Zsh Mailing List Archive
Messages sorted by: Reverse Date, Date, Thread, Author

Re: zargs with -P intermittently failing in zsh 5.9 and macOS



This post is rather long, and divided into (1)-(5).

(1)

> 2022/05/30 5:07, Bart Schaefer <schaefer@xxxxxxxxxxxxxxxx> wrote:
> 
> Irrelevant to the patch, but on the original issue, I keep looking at
> this and wondering how we got an exit code of 19 rather than 19+128
> which would have immediately pointed to SIGCONT.  Is this a difference
> in the way MacOS defines WEXITSTATUS(), or what?

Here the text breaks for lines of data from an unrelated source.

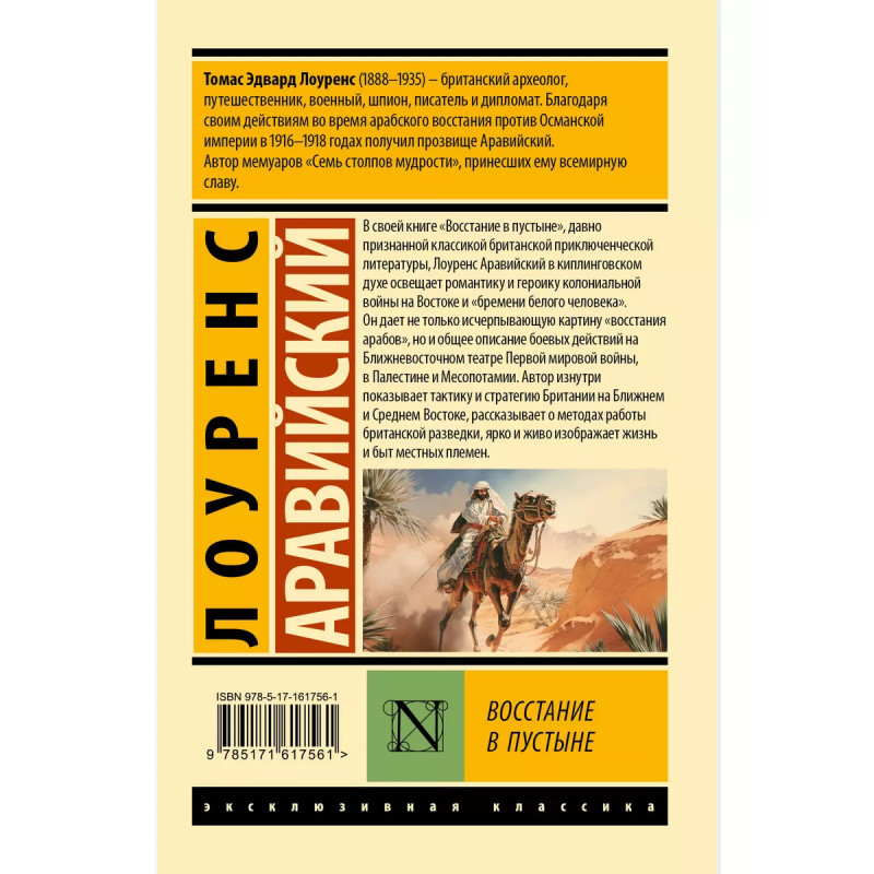 Томас Эдвард Лоуренс (1888-1935) - британский археолог, путешественник, военный, шпион, писатель и дипломат. Благодаря своим действиям во время арабского восстания против Османской империи в 1916-1918 годах получил прозвище Аравийский. Автор мемуаров "Семь столпов мудрости", принесших ему всемирную славу. В своей книге "Восстание в пустыне", давно признанной классикой британской приключенческой литературы, Лоуренс Аравийский в киплинговском духе освещает романтику и героику колониальной войны на Востоке и "бремени белого человека". Он дает не только исчерпывающую картину "восстания арабов", но и общее описание боевых действий на Ближневосточном театре Первой мировой войны, в Палестине и Месопотамии. Автор изнутри показывает тактику и стратегию Британии на Ближнем и Среднем Востоке, рассказывает о методах работы британской разведки, ярко и живо изображает жизнь и быт местных племен.
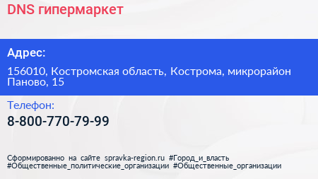 DNS, гипермаркет по адресу 156010, Костромская область, Кострома, микрорайон Паново, 15 в дальнейшем Организация, размещена в следующих категориях:
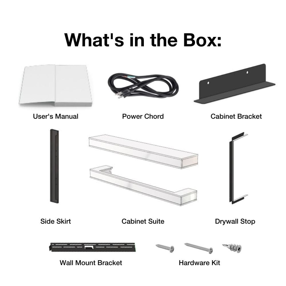 What's Included: Power Cord, Cabinet Brackets, Side Skirt, Top Cabinet, Bottom Cabinet, Drywall Stop, Wall Mount Bracket, Hardware Kit, and User's Manual
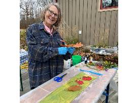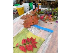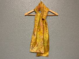 This 100% silk scarf has been eco-dyed by hand with locally foraged leaves and sumac. Scarf is hand rolled and stitched.
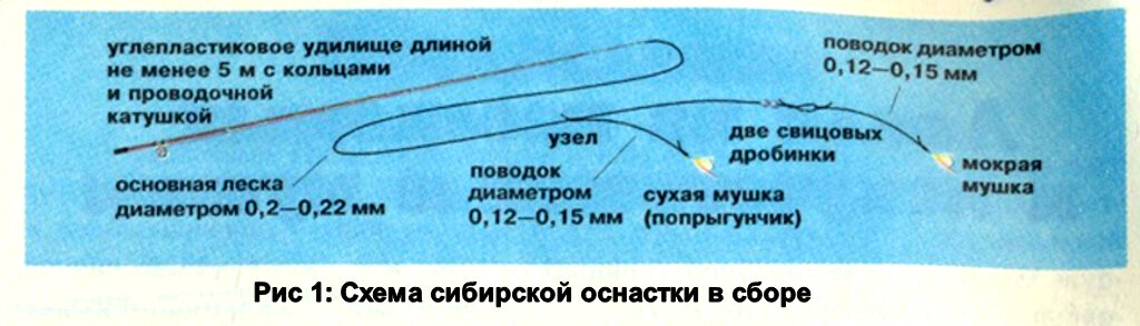 При таких обстоятельствах почти нет возможности пользоваться нахлыстовой снастью с конусным шнуром. На рис.No1 показана снасть, которая за границей неизвестна, потому как это чисто русское изобретение. Снасть достаточно простая, что независимо от рыбацкого опыта, любой может сделать уловистую оснастку для ловли на мушку из обыкновенной поплавочной удочки.
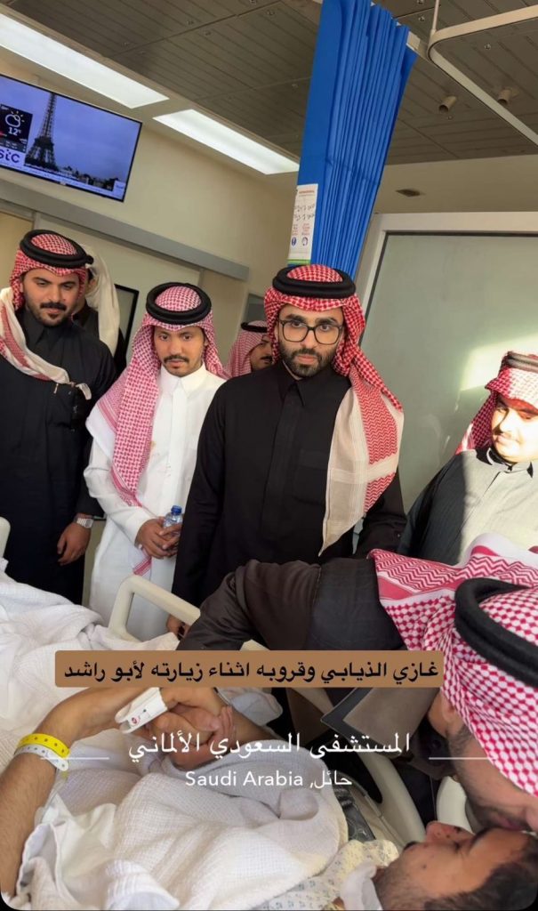 كما أظهرت الصورة مشهور سناب غازي الذيابي أثناء زيارة أبو حصة في المستشفى للاطمئنان على صحته.

On both macOS and Linux, WEXITSTATUS(status) is equivalent to
(((status) & 0xff00) >> 8). This is so either WIFEXITED() is true or not.
But on both OSes, wait(2) man page says that WEXITSTATUS() can be used only
when WIFEXITED() is true. When WIFCONTINUED() is true we should have used
"0200 | SIGCONT".

(2) Why zrags has the problem only on macOS

The reason seems to be in the way SIGCONT is handled (in the kernel?).
On macOS, if the parent zsh sends SIGCONT to a background child and
calls wait3(), then wait3() returns with WIFCONTINUED even if the child
has not been stopped. This is _quite_ strange, and does not happen on
Linux. You may try the following C program:

#include <stdio.h>
#include <unistd.h>
#include <signal.h>
#include <sys/wait.h>
#include <sys/resource.h>

int main()
{
	pid_t pid = fork();
	if (pid < 0)
		return -1;
	if (pid > 0) {
		pid_t wpid;
		int state;
		struct rusage ru;
		kill(pid, SIGCONT);
		wpid = wait3(&state, WUNTRACED|WCONTINUED, &ru);
		printf("wait3: %d 0x%04x\n", wpid, state);
		kill(pid, SIGKILL);
	} else {
		sleep(1);
	}
	return 0;
}

On Linux, it outputs, after waiting for 1 second:
wait3: 76819 0x0000
but on macOS it immediately outputs:
wait3: 84313 0x137f
For status=0x137f, WIFCONTINUED(status)=true,
and WEXITSTATUS(x)=0x13=19

(3) zsh on Linux also has a problem

On Linux (and macOS), zsh (without the patch) has the following
problem:

% sleep 20 &
[1] 78570
% kill -STOP 78570
[1]  + 78570 suspended (signal)  sleep 20
% kill -CONT 78570
%
(after 20 seconds)
[1]  + 78570 done       sleep 20
% wait 78570
% echo $?
147        # should be 0

147 = 0200 + SIGSTOP(=19)    (on macOS we get 145)

(4) Another minor problem

In the current zsh (without the patch), when WIFSTOPPED()=true,
addbgstatus() records "0200 | WEXITSTATUS(status)" in bgstatus_list.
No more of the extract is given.